**EXERCISE GOAL:** In the material below, pictures must be dropped. Repeat exactly, and only, the lines from the line with "走到後面進去了松本神社。鳥居" to the line with "Diese Bienenwachskerze Stumpen", both ends included.

**AVAILABLE DATA:**
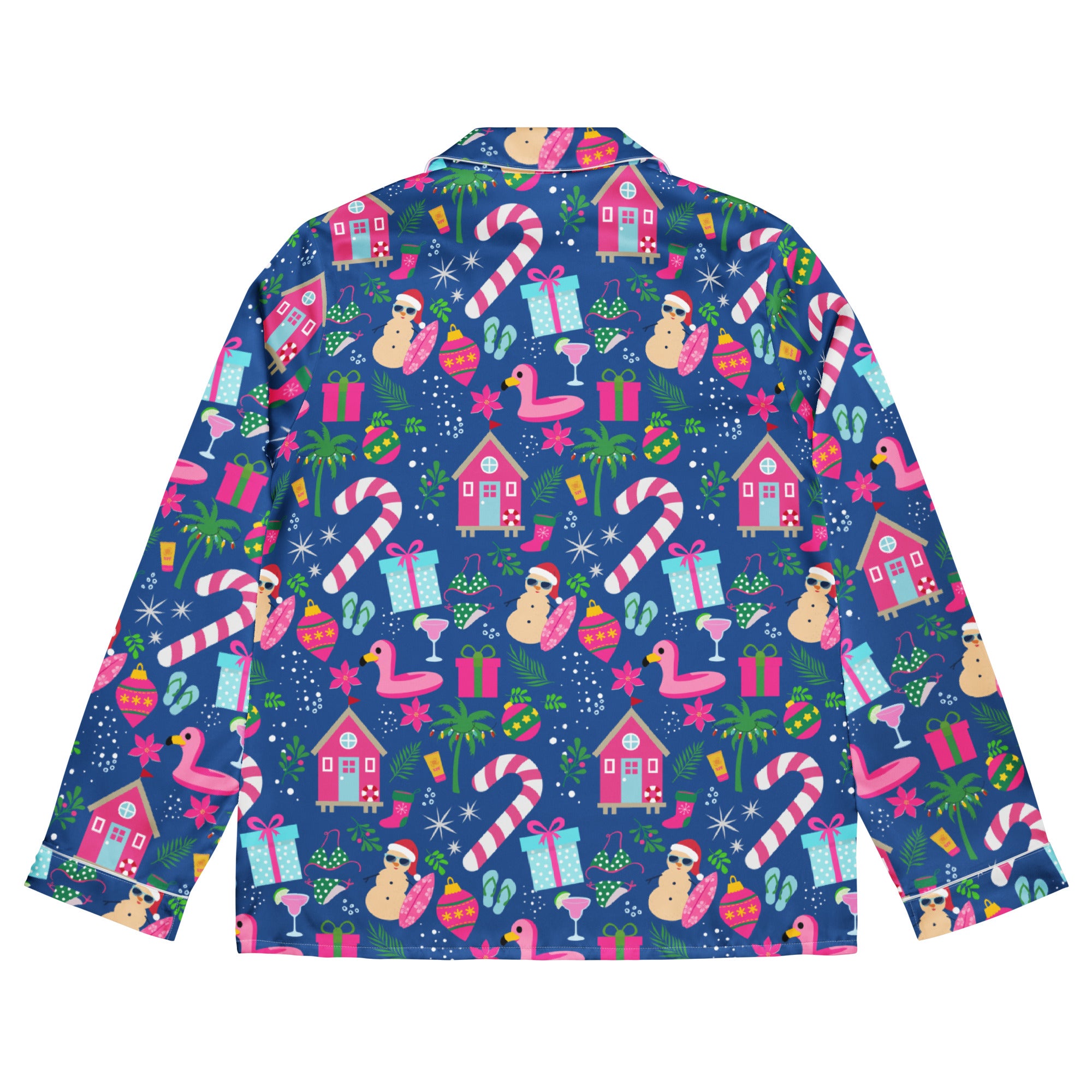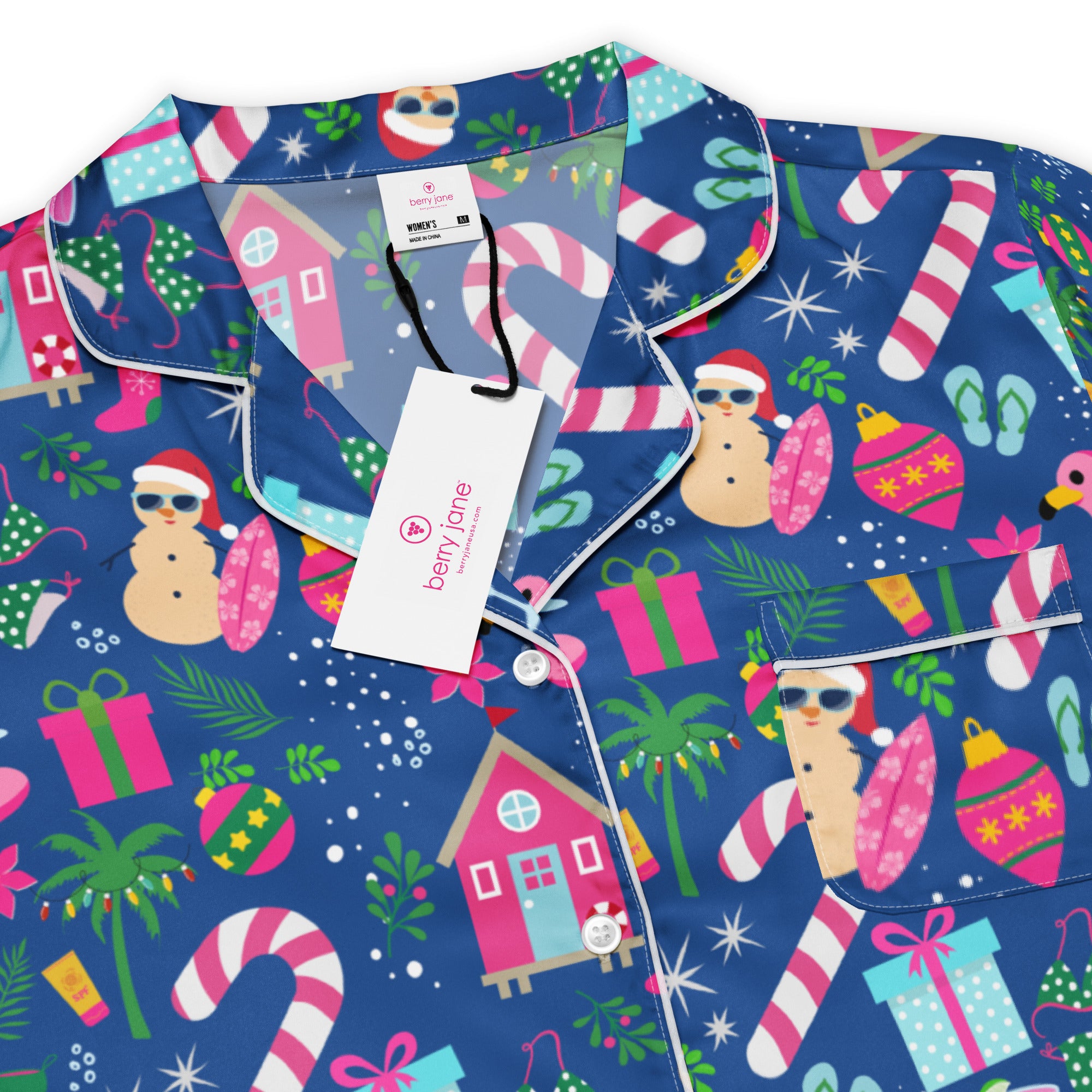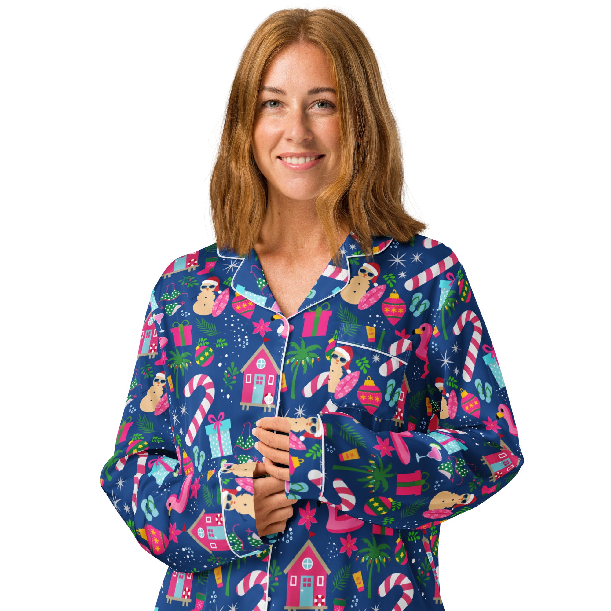 Women's Satin PJs features a Christmas at the Beach Print with Beach House, Flamingo Floaties, Flip Flops, Bikinis and Decorated Palm Trees - everything you'd expect from a beach holiday. This silky pajama top is ideal for a cozy day when you want to feel both comfortable and elegant. It features a relaxed fit, chest pocket, and elegant piping detail.
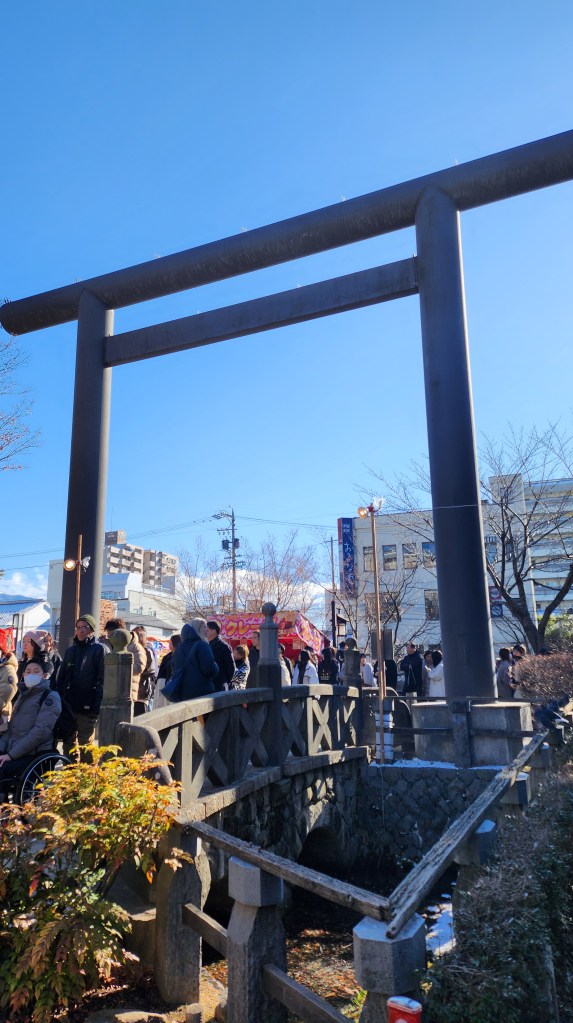 走到後面進去了松本神社。鳥居旁邊還有井水,松本有好多水井,都掛著日本名水一百,這邊的水似乎非常的棒,市政府也整理的很好,讓大家可以自由的取景水回家使用。松本神社是黑色為主的建築,主殿也非常的漂亮,境內還有幾顆非常高大被綁了柱連繩的古樹,小小的但氣氛非常好。
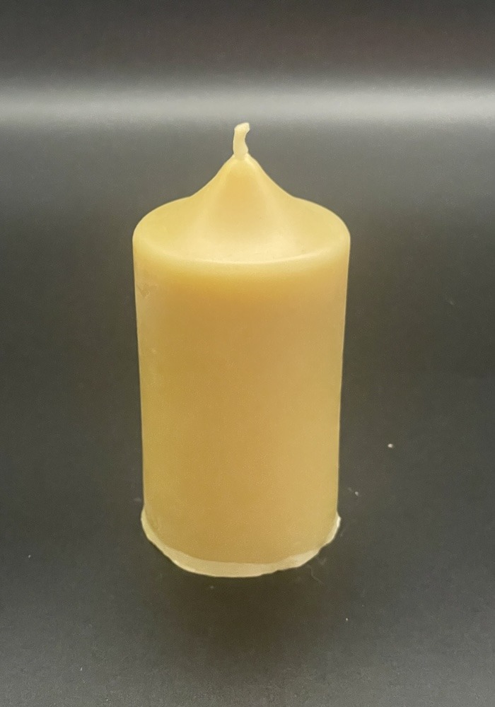 Diese Bienenwachskerze Stumpen eignet sich besonders gut für Gestecke sowie für den Adventskranz.
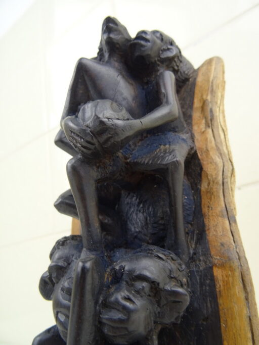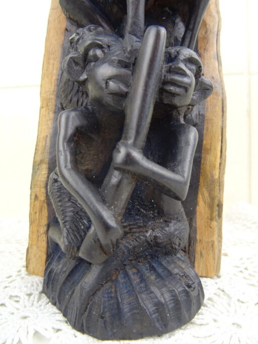 Markant Afrikaans hardhouten beeld dat waarschijnlijk werd vervaardigd in de eerste helft van de vorige eeuw. Het opvallende beeld werd gesneden uit een stuk boomstam, de (zeer droge) schors zit er nog aan! Afgebeeld zijn vijf mannen die met een in zittende en knielende posities, die in de weer zijn met een bal en een soort paal. De twee mannen rechtsboven lijken met elkaar vergroeid te zijn. Het beeld is in goede staat, het is mogelijk gerestaureerd, zie de pols op foto 5.

**SOLUTION FOR THIS PROBLEM:**
 走到後面進去了松本神社。鳥居旁邊還有井水,松本有好多水井,都掛著日本名水一百,這邊的水似乎非常的棒,市政府也整理的很好,讓大家可以自由的取景水回家使用。松本神社是黑色為主的建築,主殿也非常的漂亮,境內還有幾顆非常高大被綁了柱連繩的古樹,小小的但氣氛非常好。
 Diese Bienenwachskerze Stumpen eignet sich besonders gut für Gestecke sowie für den Adventskranz.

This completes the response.